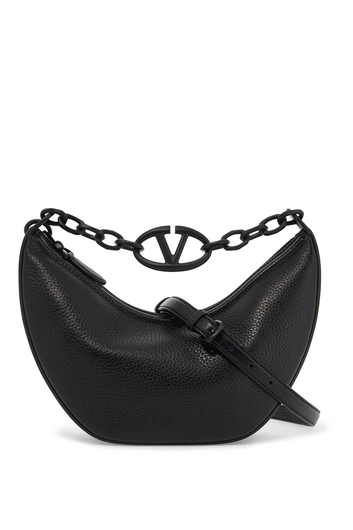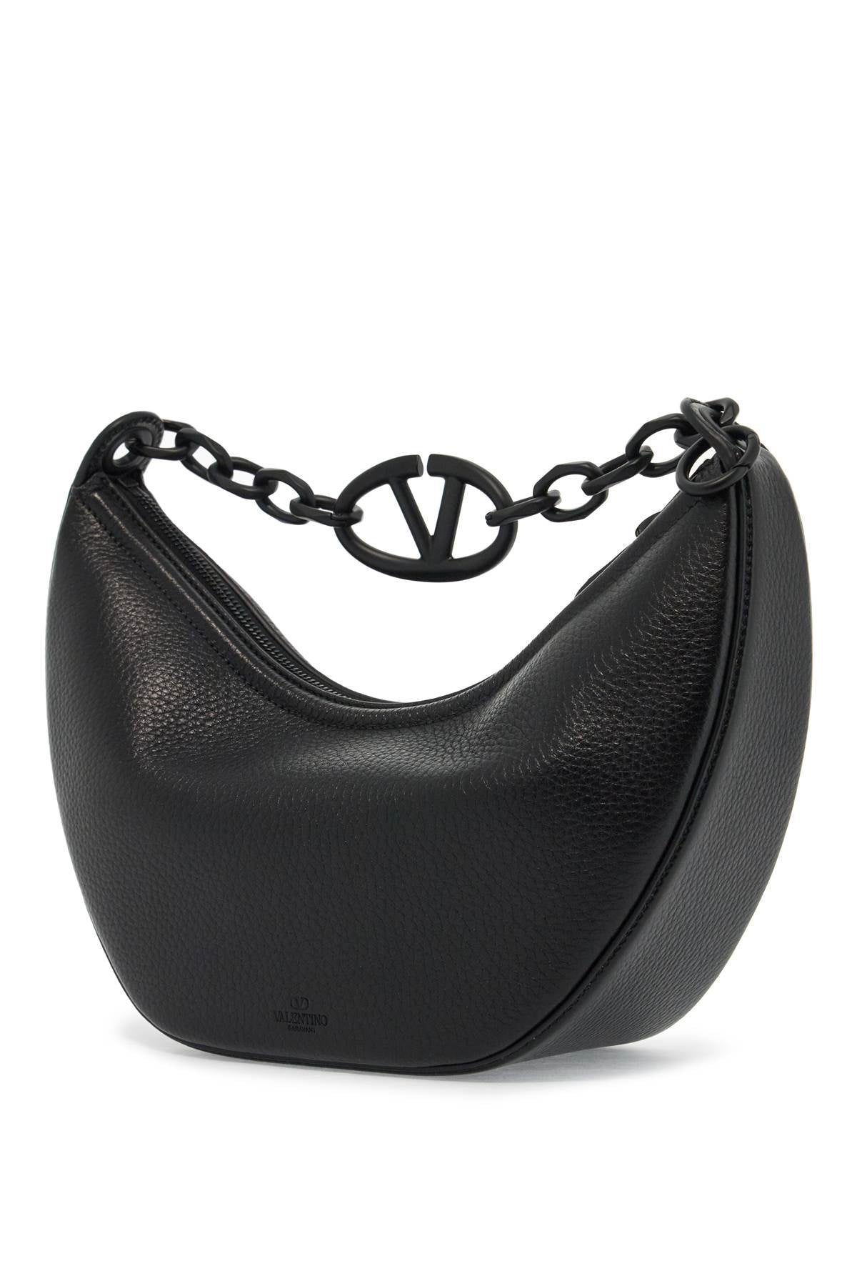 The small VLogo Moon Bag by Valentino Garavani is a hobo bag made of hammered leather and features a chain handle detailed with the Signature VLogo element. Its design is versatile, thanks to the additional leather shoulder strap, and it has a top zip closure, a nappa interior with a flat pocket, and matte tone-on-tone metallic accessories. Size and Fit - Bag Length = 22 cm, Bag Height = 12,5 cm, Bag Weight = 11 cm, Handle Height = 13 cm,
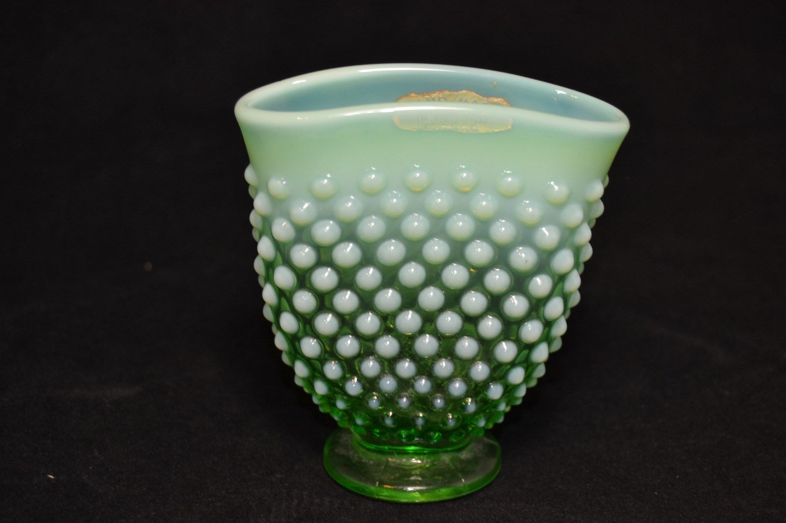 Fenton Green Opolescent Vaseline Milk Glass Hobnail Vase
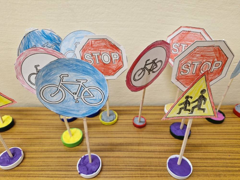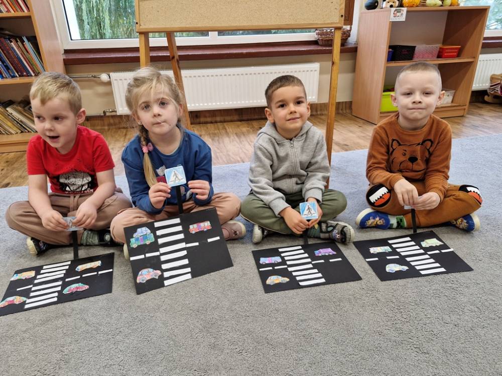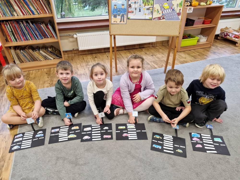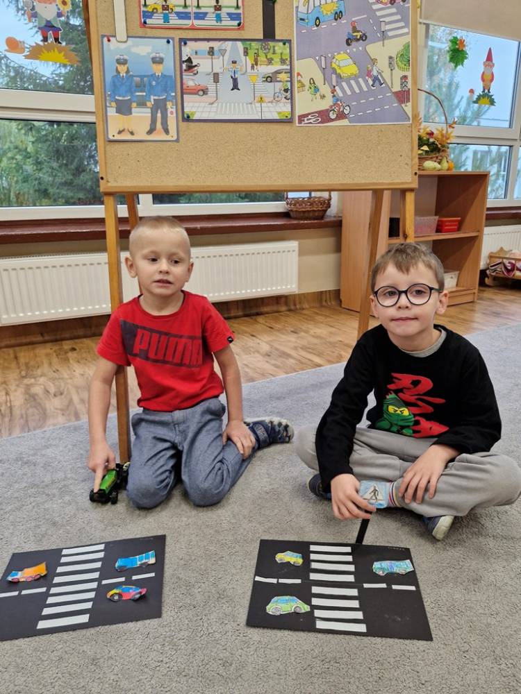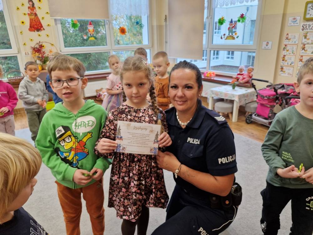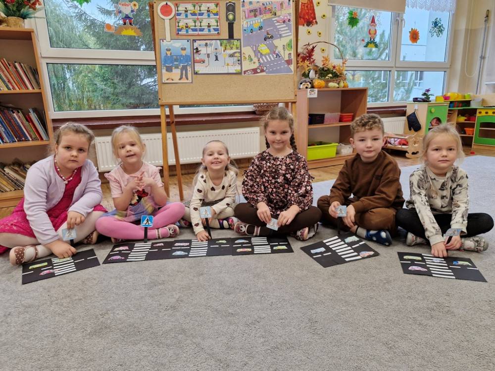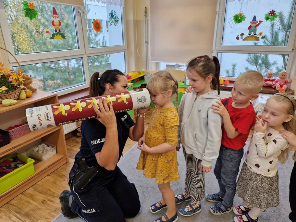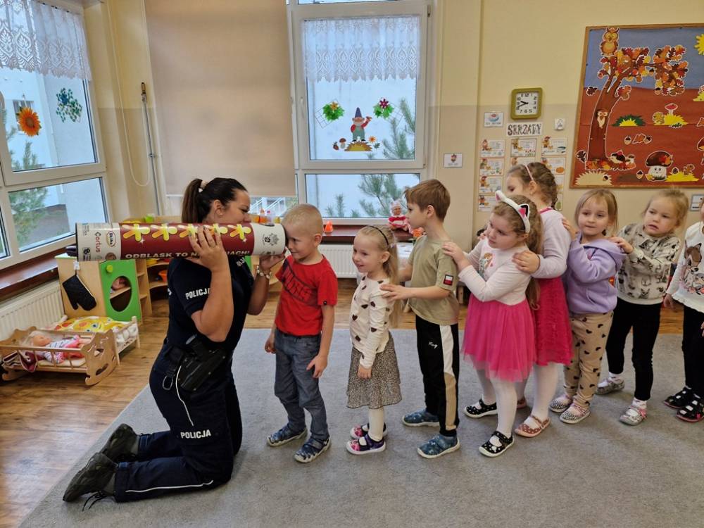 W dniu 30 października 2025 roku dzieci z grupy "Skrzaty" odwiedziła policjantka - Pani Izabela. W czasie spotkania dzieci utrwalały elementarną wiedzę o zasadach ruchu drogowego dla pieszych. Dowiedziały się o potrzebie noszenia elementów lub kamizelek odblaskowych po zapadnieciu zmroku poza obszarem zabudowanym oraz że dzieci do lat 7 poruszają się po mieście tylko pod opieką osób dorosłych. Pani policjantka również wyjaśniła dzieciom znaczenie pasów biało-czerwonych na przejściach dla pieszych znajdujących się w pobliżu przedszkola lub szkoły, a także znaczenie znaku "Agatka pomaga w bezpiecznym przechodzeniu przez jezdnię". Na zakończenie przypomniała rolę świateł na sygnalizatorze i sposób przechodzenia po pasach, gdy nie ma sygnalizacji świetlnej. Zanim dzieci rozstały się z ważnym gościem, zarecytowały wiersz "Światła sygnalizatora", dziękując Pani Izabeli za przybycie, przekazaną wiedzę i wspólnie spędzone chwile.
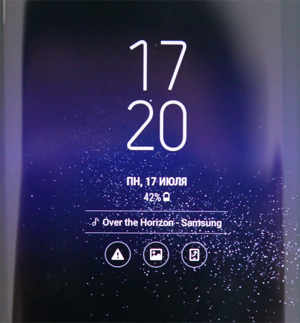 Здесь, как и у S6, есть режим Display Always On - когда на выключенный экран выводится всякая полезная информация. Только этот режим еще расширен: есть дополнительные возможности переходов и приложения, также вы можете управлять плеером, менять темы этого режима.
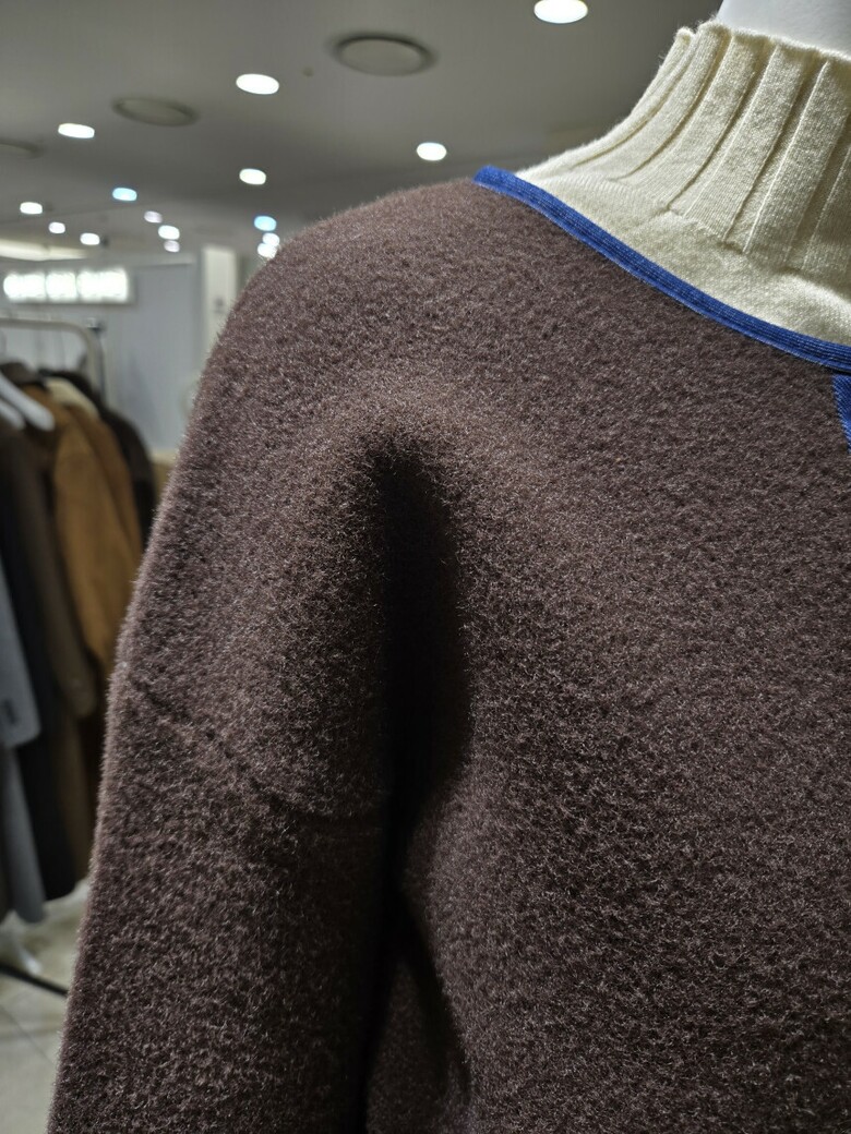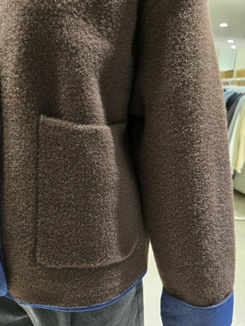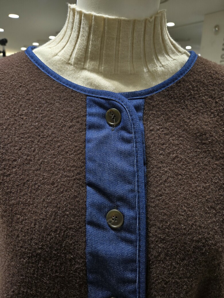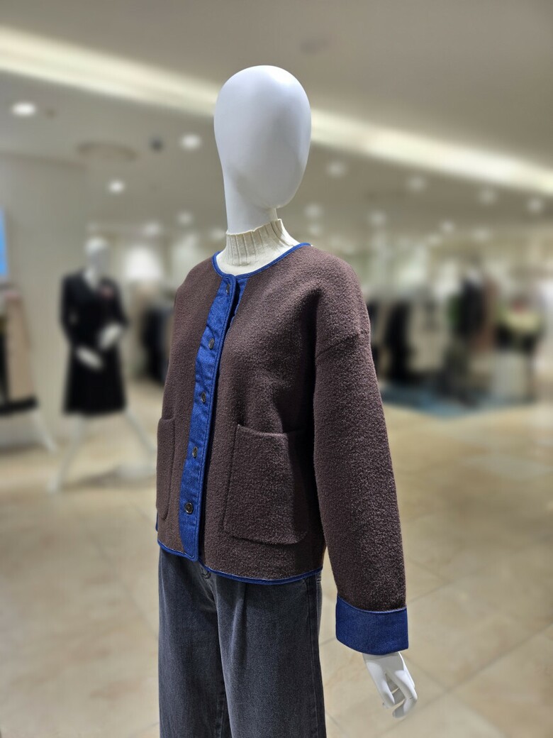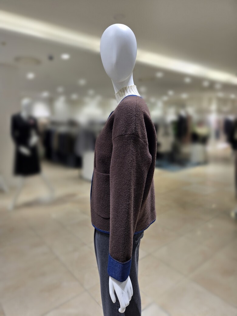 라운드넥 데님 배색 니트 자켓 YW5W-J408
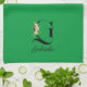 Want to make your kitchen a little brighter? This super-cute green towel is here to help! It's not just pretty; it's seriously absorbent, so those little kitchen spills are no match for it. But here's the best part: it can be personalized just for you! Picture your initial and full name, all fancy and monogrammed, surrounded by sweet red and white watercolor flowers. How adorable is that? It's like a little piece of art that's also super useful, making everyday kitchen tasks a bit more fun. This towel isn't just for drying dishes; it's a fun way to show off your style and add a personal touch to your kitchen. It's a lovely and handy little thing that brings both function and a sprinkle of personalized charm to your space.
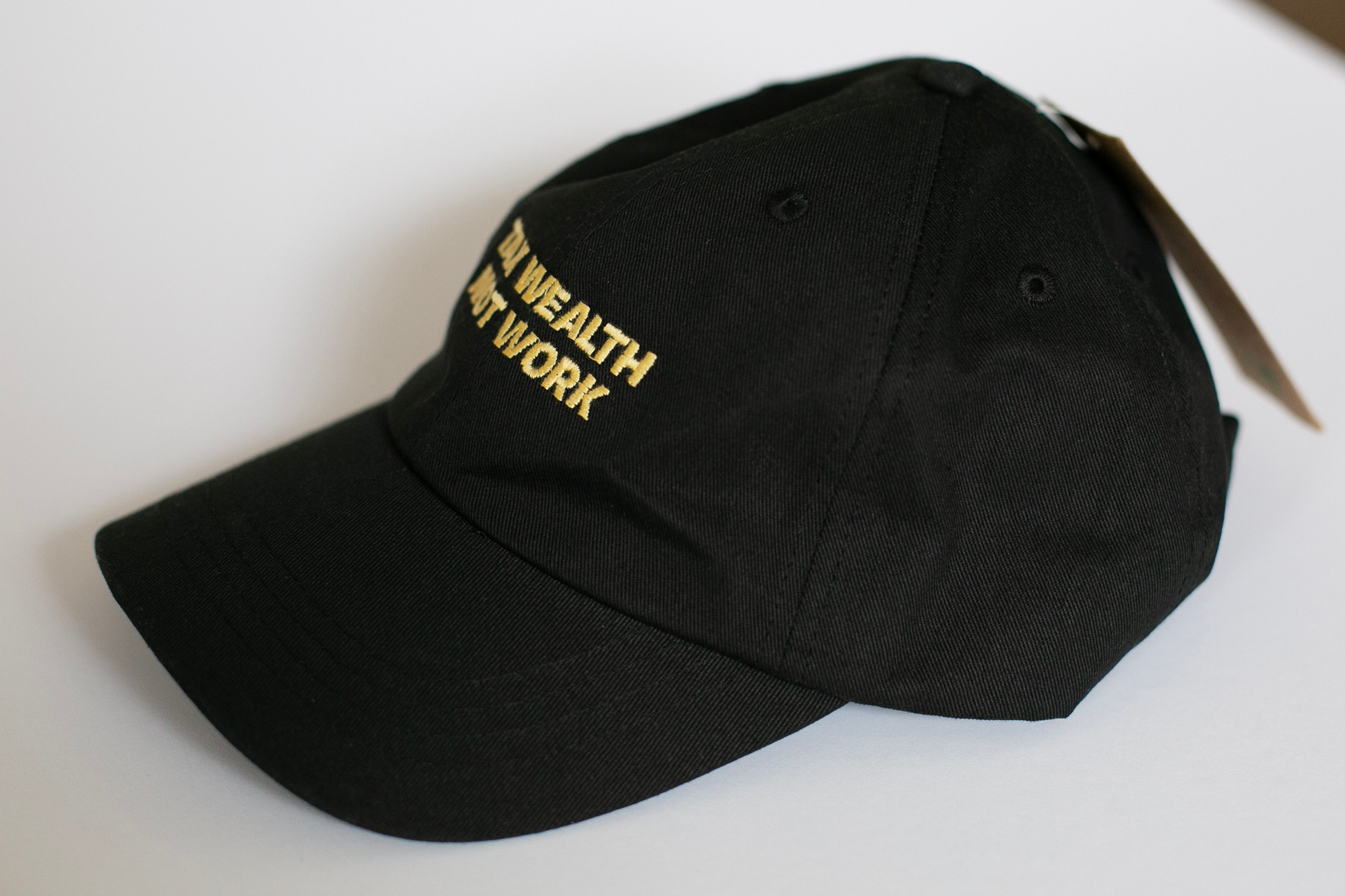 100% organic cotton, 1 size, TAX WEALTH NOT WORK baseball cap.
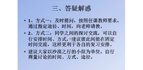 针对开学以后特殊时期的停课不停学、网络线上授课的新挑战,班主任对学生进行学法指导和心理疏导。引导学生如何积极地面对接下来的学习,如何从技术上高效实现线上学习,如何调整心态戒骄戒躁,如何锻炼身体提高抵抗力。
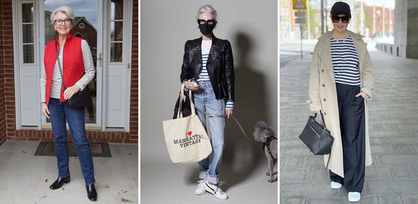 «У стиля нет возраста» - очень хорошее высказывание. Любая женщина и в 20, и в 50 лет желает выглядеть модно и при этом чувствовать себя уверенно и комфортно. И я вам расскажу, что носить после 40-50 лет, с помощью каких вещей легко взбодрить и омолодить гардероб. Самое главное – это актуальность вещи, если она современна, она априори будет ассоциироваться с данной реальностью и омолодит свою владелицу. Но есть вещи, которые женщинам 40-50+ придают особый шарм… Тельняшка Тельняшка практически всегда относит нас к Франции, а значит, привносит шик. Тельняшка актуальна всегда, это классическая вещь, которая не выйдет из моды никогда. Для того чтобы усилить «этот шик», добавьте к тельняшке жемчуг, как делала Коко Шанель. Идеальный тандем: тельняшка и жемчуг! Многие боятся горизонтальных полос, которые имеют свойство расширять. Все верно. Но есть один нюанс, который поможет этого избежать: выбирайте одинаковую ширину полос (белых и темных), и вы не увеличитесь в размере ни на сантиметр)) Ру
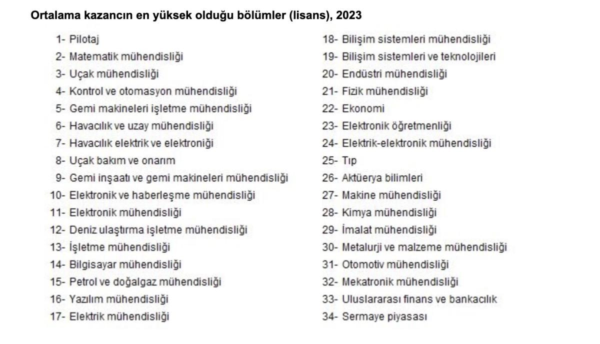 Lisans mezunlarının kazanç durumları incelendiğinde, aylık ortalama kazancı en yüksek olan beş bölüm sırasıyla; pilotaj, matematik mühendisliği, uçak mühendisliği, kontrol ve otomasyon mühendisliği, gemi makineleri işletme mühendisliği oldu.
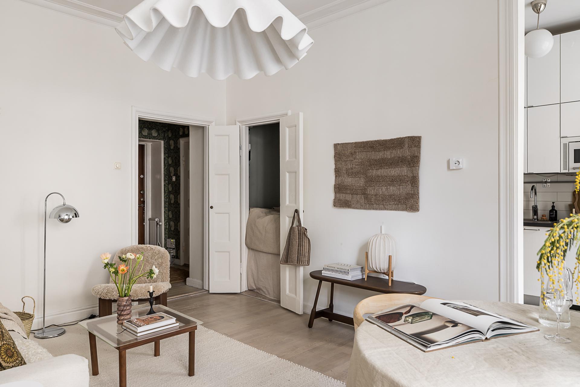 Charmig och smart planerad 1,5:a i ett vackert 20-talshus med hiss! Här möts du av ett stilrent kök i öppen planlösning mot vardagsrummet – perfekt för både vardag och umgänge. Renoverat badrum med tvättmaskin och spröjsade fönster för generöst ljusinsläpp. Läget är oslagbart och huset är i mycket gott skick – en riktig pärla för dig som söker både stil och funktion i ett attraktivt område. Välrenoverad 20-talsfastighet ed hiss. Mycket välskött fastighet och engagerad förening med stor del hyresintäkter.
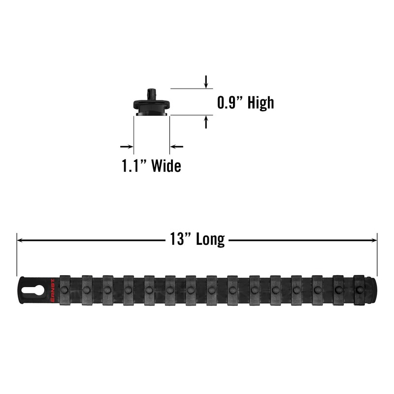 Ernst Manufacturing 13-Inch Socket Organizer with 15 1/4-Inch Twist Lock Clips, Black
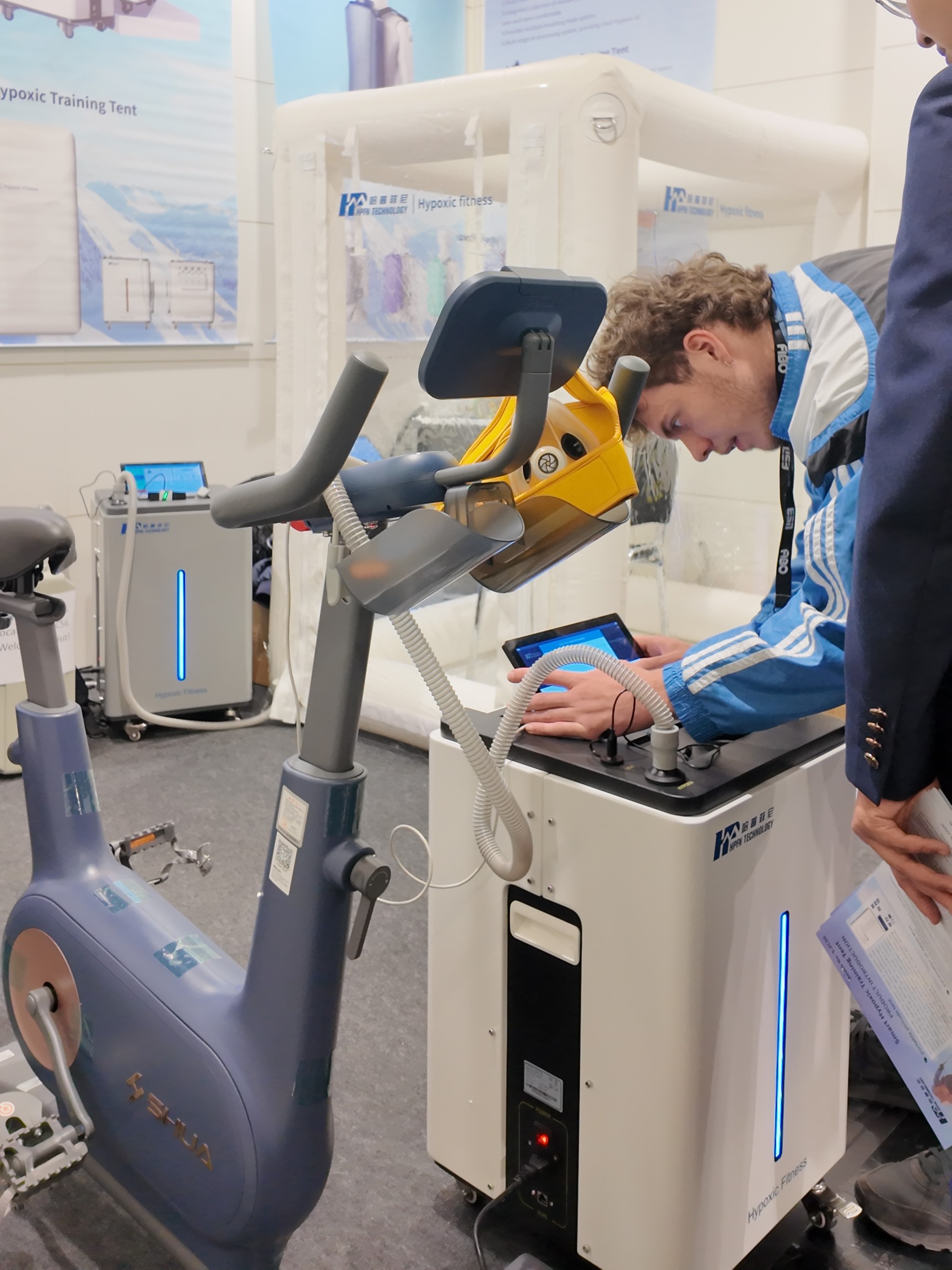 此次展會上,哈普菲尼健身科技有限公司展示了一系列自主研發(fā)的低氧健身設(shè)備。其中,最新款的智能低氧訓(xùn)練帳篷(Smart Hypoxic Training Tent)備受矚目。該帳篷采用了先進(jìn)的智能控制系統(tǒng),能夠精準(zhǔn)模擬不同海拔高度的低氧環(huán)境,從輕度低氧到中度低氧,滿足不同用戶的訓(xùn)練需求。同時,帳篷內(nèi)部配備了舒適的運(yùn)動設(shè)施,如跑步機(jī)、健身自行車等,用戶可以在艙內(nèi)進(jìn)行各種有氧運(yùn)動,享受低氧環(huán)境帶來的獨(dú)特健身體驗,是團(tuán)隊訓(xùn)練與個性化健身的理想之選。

_Assignment_. Although the records hold pictures, the copy must not; give again exactly the lines from the one with "100% organic cotton, 1" through the one with "Lisans mezunlarının kazanç".

_Output for this task_.
 100% organic cotton, 1 size, TAX WEALTH NOT WORK baseball cap.
 针对开学以后特殊时期的停课不停学、网络线上授课的新挑战,班主任对学生进行学法指导和心理疏导。引导学生如何积极地面对接下来的学习,如何从技术上高效实现线上学习,如何调整心态戒骄戒躁,如何锻炼身体提高抵抗力。
 «У стиля нет возраста» - очень хорошее высказывание. Любая женщина и в 20, и в 50 лет желает выглядеть модно и при этом чувствовать себя уверенно и комфортно. И я вам расскажу, что носить после 40-50 лет, с помощью каких вещей легко взбодрить и омолодить гардероб. Самое главное – это актуальность вещи, если она современна, она априори будет ассоциироваться с данной реальностью и омолодит свою владелицу. Но есть вещи, которые женщинам 40-50+ придают особый шарм… Тельняшка Тельняшка практически всегда относит нас к Франции, а значит, привносит шик. Тельняшка актуальна всегда, это классическая вещь, которая не выйдет из моды никогда. Для того чтобы усилить «этот шик», добавьте к тельняшке жемчуг, как делала Коко Шанель. Идеальный тандем: тельняшка и жемчуг! Многие боятся горизонтальных полос, которые имеют свойство расширять. Все верно. Но есть один нюанс, который поможет этого избежать: выбирайте одинаковую ширину полос (белых и темных), и вы не увеличитесь в размере ни на сантиметр)) Ру
 Lisans mezunlarının kazanç durumları incelendiğinde, aylık ortalama kazancı en yüksek olan beş bölüm sırasıyla; pilotaj, matematik mühendisliği, uçak mühendisliği, kontrol ve otomasyon mühendisliği, gemi makineleri işletme mühendisliği oldu.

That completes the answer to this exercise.